9.3 Sample Efficient Reinforcement Learning with Partial Dynamics Knowledge
- Authors: Meshal Alharbi, Mardavij Roozbehani, Munther Dahleh
- Reason: Accepted at a prestigious conference (AAAI) and advances the foundational issue of sample efficiency in RL by incorporating dynamics knowledge, which is a critical aspect of RL research.
9.2 Leading the Pack: N-player Opponent Shaping
- Authors: Alexandra Souly, Timon Willi, Akbir Khan, Robert Kirk, Chris Lu, Edward Grefenstette, Tim Rocktäschel
- Reason: Extends Opponent Shaping (OS) to N-player games and comes from authors affiliated with reputable institutions, indicating potential high-quality insights into multi-agent interactions.
9.0 Model-Based Control with Sparse Neural Dynamics
- Authors: Ziang Liu, Genggeng Zhou, Jeff He, Tobia Marcucci, Li Fei-Fei, Jiajun Wu, Yunzhu Li
- Reason: Accepted at NeurIPS (a top conference), introduces a novel framework integrating model learning and predictive control, and includes authors with high authority in the field of AI and machine learning.

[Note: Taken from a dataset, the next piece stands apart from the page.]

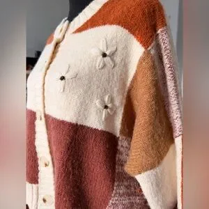 Floral chunky knit patchwork cardigan.
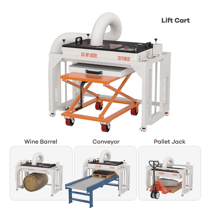 - Low-Rider Carriage Cart: This cart enables precise movement of the laser machine from the top surface to the floor.

8.9 BadRL: Sparse Targeted Backdoor Attack Against Reinforcement Learning
- Authors: Jing Cui, Yufei Han, Yuzhe Ma, Jianbin Jiao, Junge Zhang
- Reason: Extended version accepted by AAAI, addresses the important issue of security in RL, an increasingly relevant topic given the rising application of RL in critical domains.
8.7 Robustly Improving Bandit Algorithms with Confounded and Selection Biased Offline Data: A Causal Approach
- Authors: Wen Huang, Xintao Wu
- Reason: Provides a novel causal perspective on bandit problems utilizing offline data, a significant and practical problem in RL, especially for real-world applications that rely on historical data for decision making.